I brine all poultry and most cuts of pork.  I do it for flavor profile but it does help with the moisture too.  I see above that someone brines for 2 to 7 days.  I've never brined anything longer than 3 days and no, I did not change the brine.  Brining poultry longer than 24 hours is not recommended but I have brined both chicken and turkey for 48 hours with no problems.

When I brine I also inject at the start of the brining period.  On poultry I just inject the breast meat.  Then into the brining bag, seal it up air tight, then in the refrigerator or a cooler filled with ice.

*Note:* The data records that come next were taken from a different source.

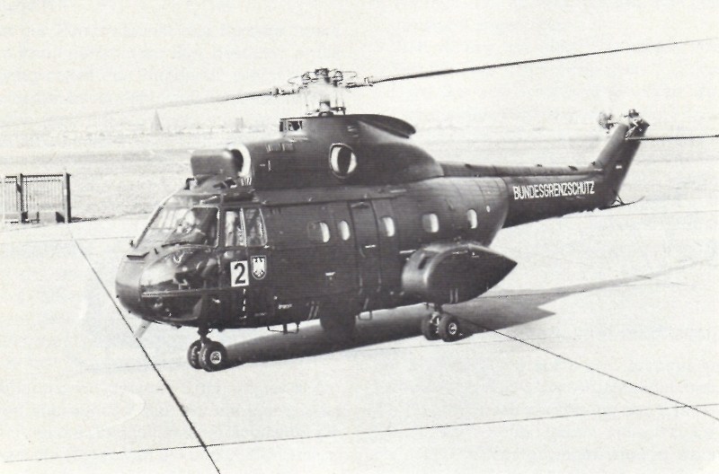 SA 330 (Puma) Triebwerk: 2x 1160 kW, 230 km/h, Max. Abfluggewicht: 7400 kg, Zugelassen für 21 Personen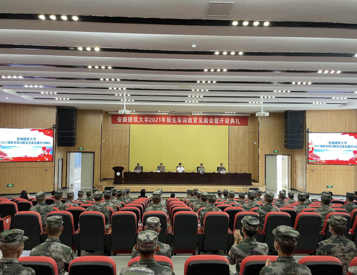 本网讯 2021年9月11日,2021级新生军训教官见面会暨开训典礼在南校区实验综合楼2搂报告厅举行。承训此次2021级新生军训的全体教官,学校人武部主要负责同志,各学院负责学生工作的书记参加会议。校党委常委、副校长张亚新出席会议并致辞。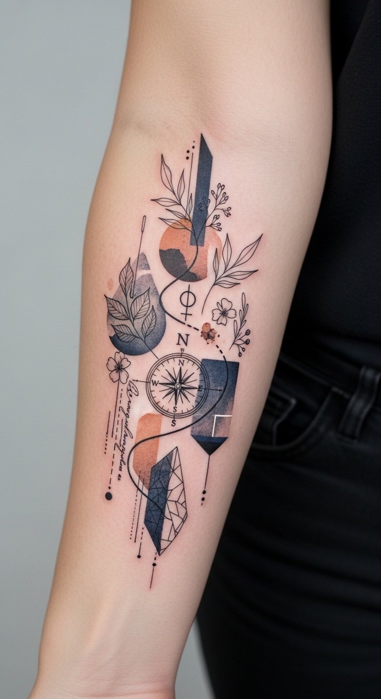 The design blends a pathway and compass to symbolize personal journey and direction, botanical elements for growth, geometric shards for life’s fractures and restored wholeness, and faint script for private vows; watercolor tones evoke memory and emotion.

By injecting you can get away with much shorter brining periods, like 12 hours, but I can tell the difference in the taste between a meat that has been short brined compared to 24 hours or longer.

I use Ziplock bags for brining.  I have 2, 3, and 10 gallon sizes.  The 2 gallon gets the most use.  3 gallon next most used.  The 10 gallon I use just for big turkeys.  The 3 and 10 gallon sizes are actually storage bags but they are food safe.


----------



## twotwentyfive

Will try injecting as well, thanks much for the help


----------



## daveinflorida

I brined a pork roast and a pack of wings last nite.  Put the roast on at 0830 this morning. Check out first pic. I'll be posting more pics throughout the smoke today.


----------



## bluewhisper

Once I brined a pork roast with some aromatics like cardamom and coriander, and it turned out tasting like a giant frankfurter.


----------



## forluvofsmoke

BlueWhisper said:


> Once I brined a pork roast with some aromatics like cardamom and coriander, and it turned out tasting like a giant frankfurter.

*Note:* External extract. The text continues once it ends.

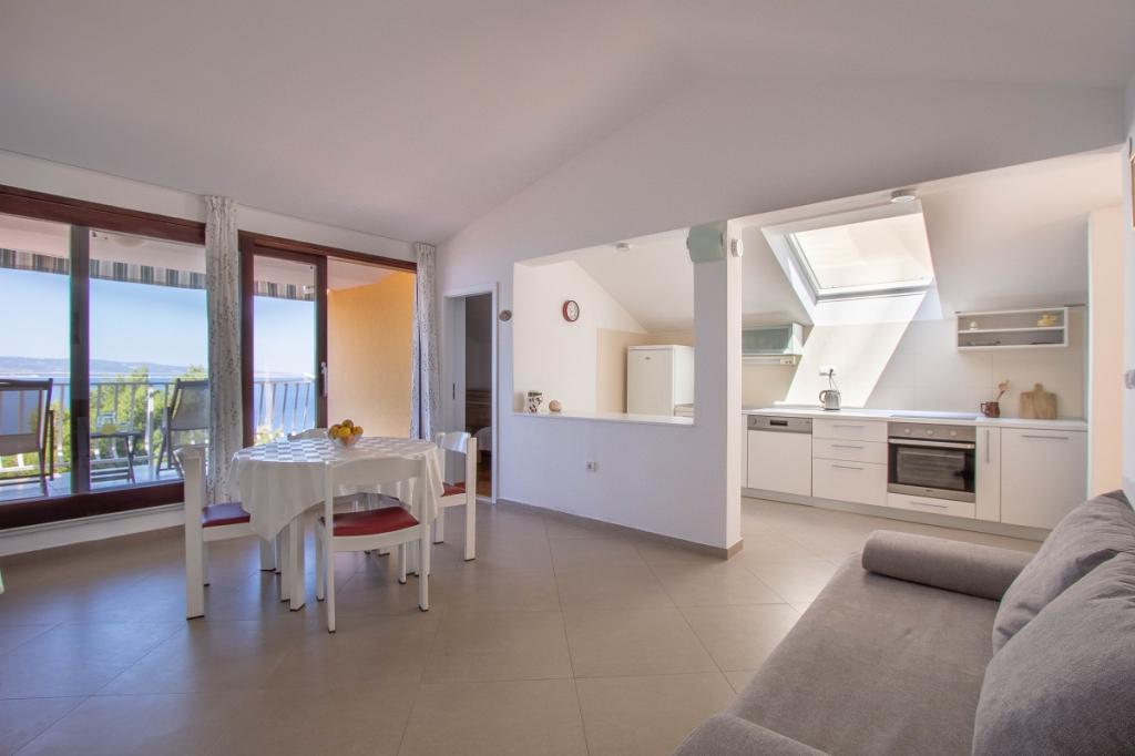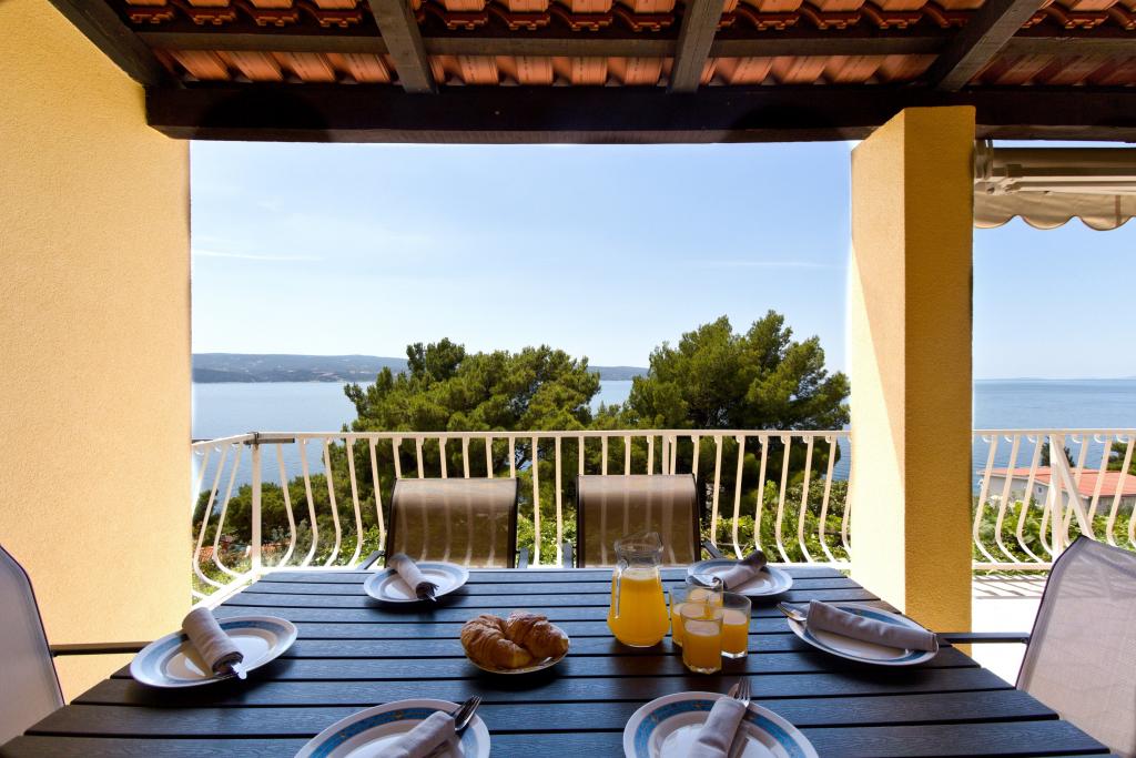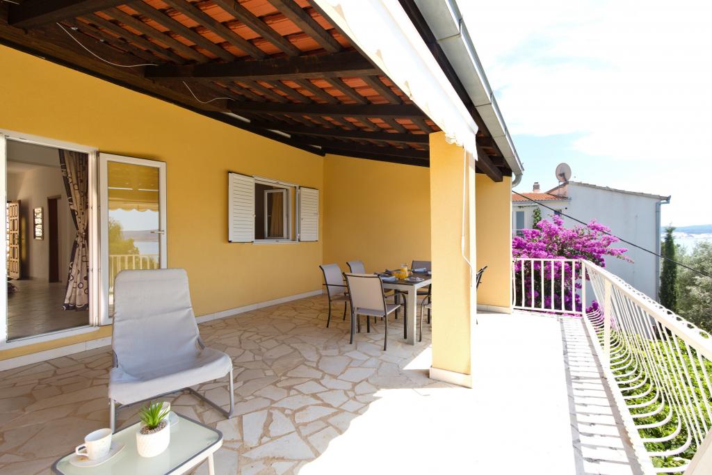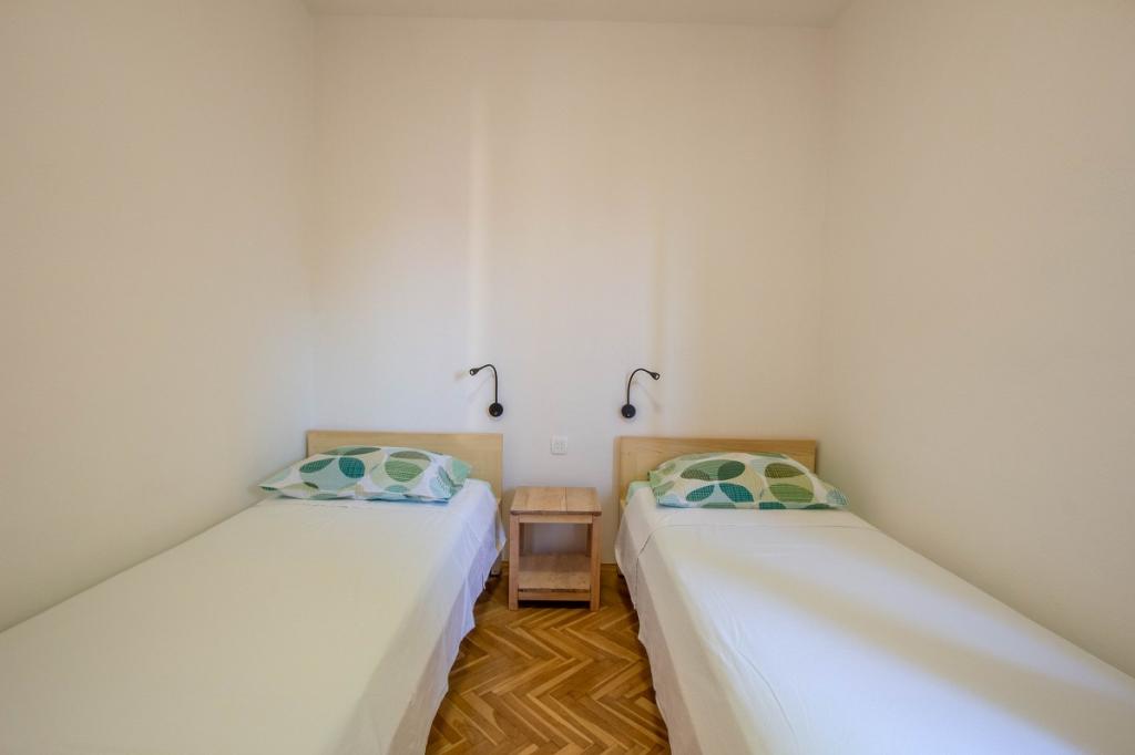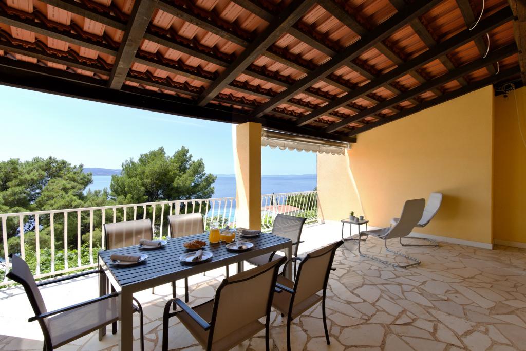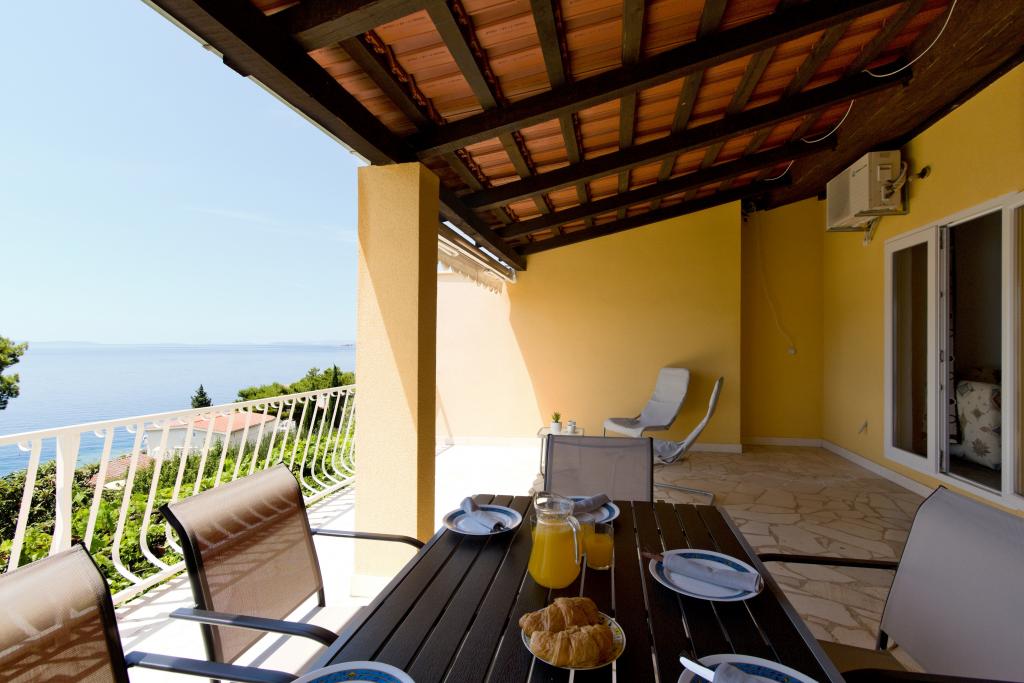 The house with three apartments is located in Nemira, 2km from the city Omis. There are steps that lead directly to the beach, only a minute walk from the apartments. All of the apartments have access to the barbecue area, and all three have spacious terrace/balcony overlooking the sea. In front of the house is a parking space for the apartments. Coffee bar, restaurant, market and a bakery are just 5min walk from the house. The first apartment can accommodate 5 +1, the second one 4+ 1 and the third apartment 2 +1.

If the taste reminded you of a frankfurter, that would be off-putting, unless it was your intention and you expected it, of course...assuming this was not your intent, lesson learned, and we learn what we do or do not like by trying new things.

Some spices just don't go well with certain preparations or meats, while others can make it shine. Keep your ingredients simple and basic if you want to experiment with a brine or dry rub. Taste and smell the blend as you build it, before settling on trying it...this will tell you much about the blend, and you can modify it to suit your preference. I never use a spice blend without smelling and tasting it first, bearing in mind the mingling of flavors from meat and smoke.

Realizing the subtle flavor characteristics, some spice blends may not suit your taste for a particular cut/species of smoked meat (or a specific type of wood) while it may give a better match for char-grilling. That same blend may be too bland when grilled over a gas flame where additional layers of flavor and aroma may be to your liking, as an example. So, if you really want to build a specific flavor profile, you need to consider the cooking method, type of (or lack of) smoke, and any additional flavors you will get from the fuel source, such as hardwood lump or charcoal. When grilling, I stay away from gas, mostly due to the lack of additional flavor potential.

I don't brine often...usually it's a spur of the moment situation where my previously frozen meat has thawed too early or will thaw too late for my original planned cooking date, which isn't normal for me...but when I do brine it is generally to extend the refrigerated life of the meat, and I try to follow a flavor profile which will enhance my final seasoning (dry rub and/or finishing sauce [which I also rarely use]) and intended cooking method. As for use of brines for enhanced moisture retention in the pork, yes it does help to some degree, but I noticed this mostly with pork that was not previously enhanced (not cryovac packed). I have refined my smoking method just to give me that extra assurance for moisture retention, and that is what I use faithfully now.

Eric


----------